Why AUC-ROC curves and LASSO regression analysis?

NGS data analysis provides information on many genes and RNAs that are differentially expressed when comparing functional sample groups. How well a transcript would perform as a biomarker in discriminating, for example, cancer from healthy samples, can be calculated based on on their true positive rate (TPR) and their false positive rate (FPR).

A ROC (receiver operating characteristic) curve is a visualisation of TPR vs FPR. The further the plotted line separates above the diagonal line, the better a given biomarker is because this indicates a large TPR and a small FPR. As a summary of the ROC curve, the AUC (area under the curve) is a numerical value describing the ability of a biomarker for distinguishing groups. We provide these for the most promising biomarkers when it is relevant for the experimental setup.

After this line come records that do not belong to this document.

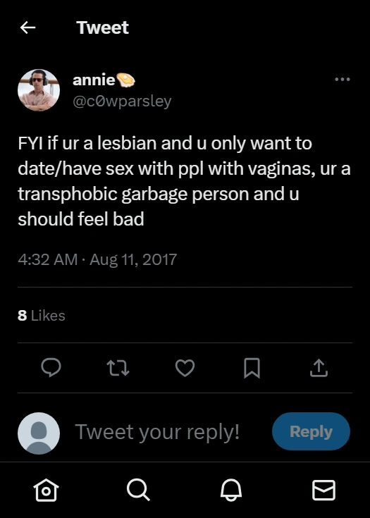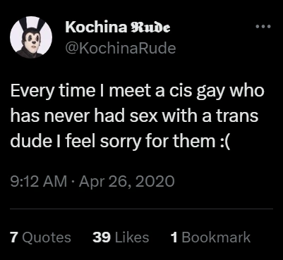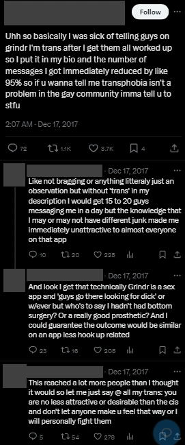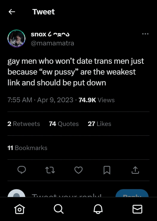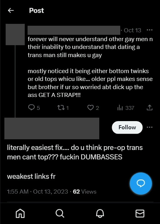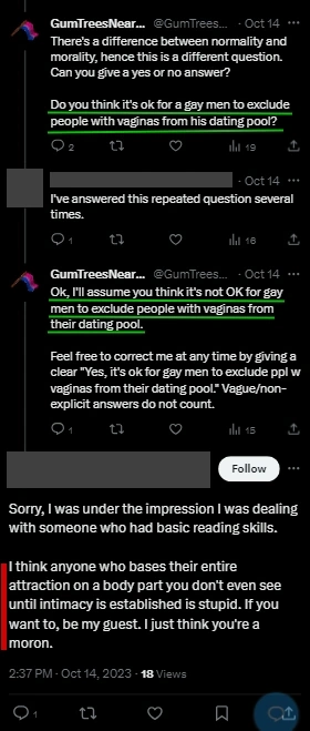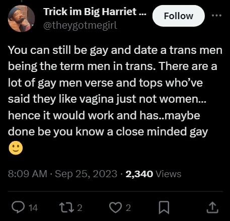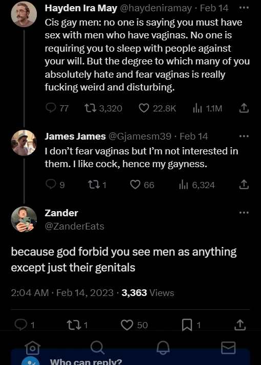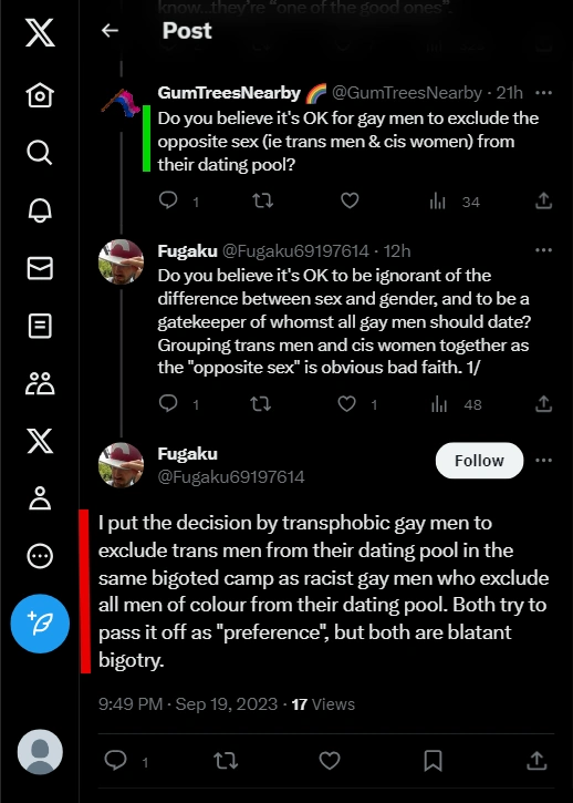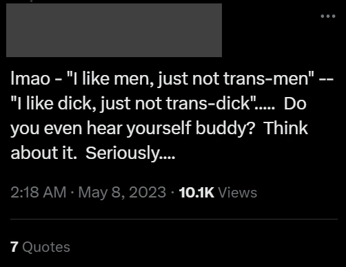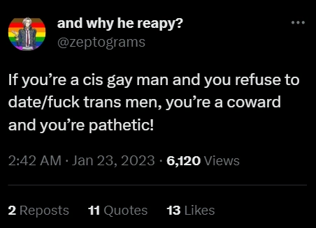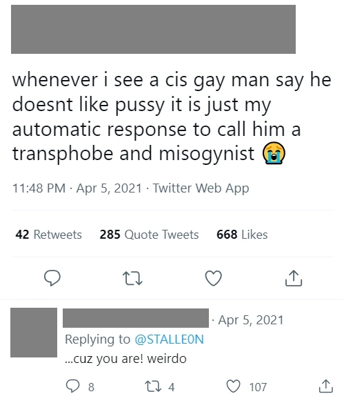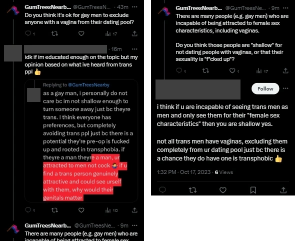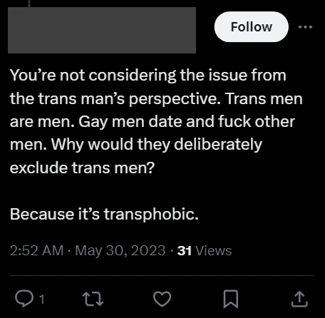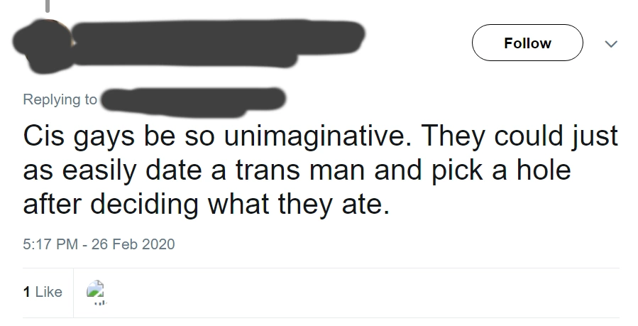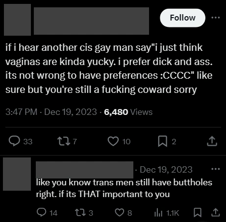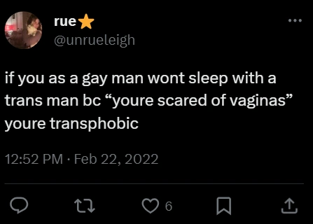 Gay men not dating trans men (people with vaginas) should be "exposed", according to this person.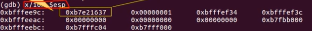 이렇게 나온다. 이는 esp의 현재 위치로부터 10개 메모리의 값인데, 그 중 가장 앞에 나온 0xb7e21637이 return address의 값이다. 그 return address가 저장된 위치는 0xbfffee9c이다.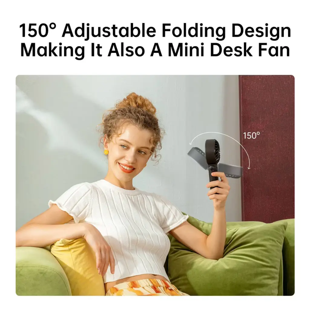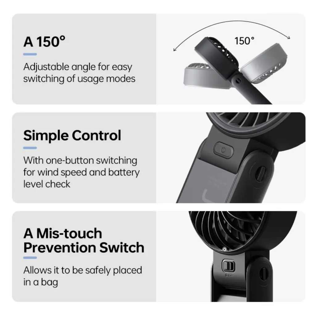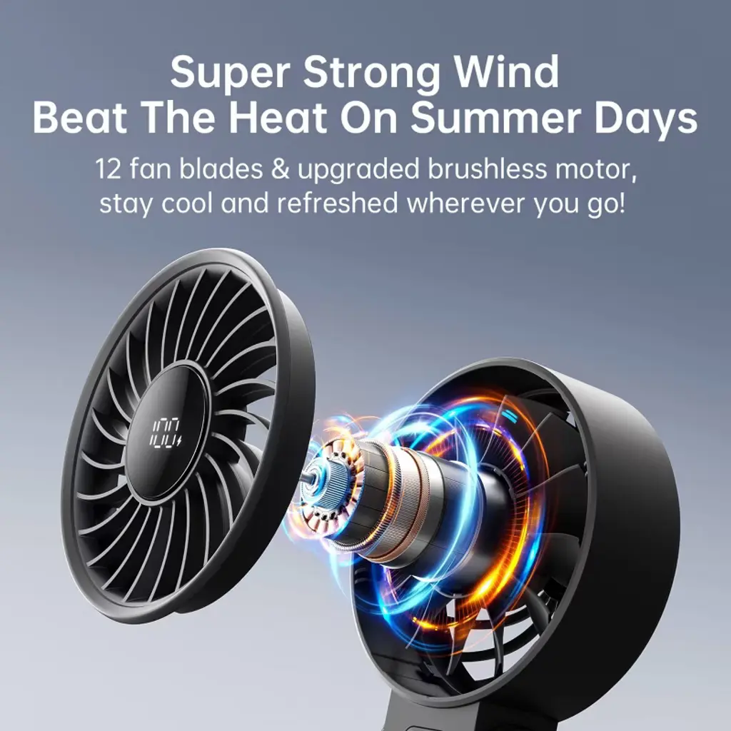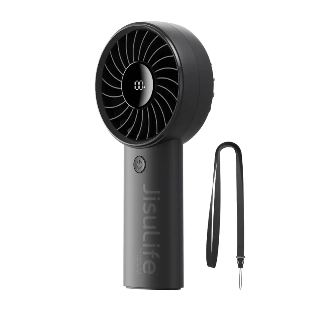 Experience personal cooling redefined with the JISULIFE Handheld Fan Life7. Engineered for both indoor and outdoor use, this fan’s advanced 12-blade brushless motor produces up to 9 m/s of airflow across five speed levels, ensuring rapid relief even on the hottest days.Its high-capacity 3600 mAh lithium-ion battery supports up to 13 hours of operation at low speed, perfect for long commutes, festivals, or uninterrupted office comfort. The bright, front-facing LED display keeps you informed of both wind speed and remaining battery life, so you never run out of power unexpectedly.Designed for ultimate versatility, the Life7 folds at 150° to transform from a handheld fan into a stable desktop cooler or a wearable neck fan with the included lanyard. Its compact size and lightweight construction make it an essential companion for travel, outdoor adventures, or quick trips around town.When it’s time to recharge, simply plug in via USB-C and enjoy a full charge in under 3.5 hours, so you’re always ready for your next outing. For added peace of mind, the built-in safety lock switch prevents the fan from turning on accidentally while stored, protecting both battery life and your belongings.Whether you’re packing light for a weekend getaway or seeking a powerful desk companion, the JISULIFE Handheld Fan Life7 delivers reliable, adjustable cooling wherever you go.

In addition we can provide additional analysis to extract subsets of markers with increased discrimatory power to be tested/validated in the lab. To find such a subset we use the LASSO method (Least Absolute Shrinkage and Selection Operator). LASSO selects a subset of markers and improves the prediction accuracy and interpretability of the statistical model by performing both variable selection and regularization.

The outcome is an improved proved ability to distinguishing groups by using a combination multiple biomarkers.



The ration of true postives to false postives will be displayed as a curve relative to a 1:1 line. The biomarkers that are included in an optimal biomarker model are identified.  


In addition to the visualizations, you will recieve a table with all of the ROC curves and calculated AUC metrics for each gene of interest.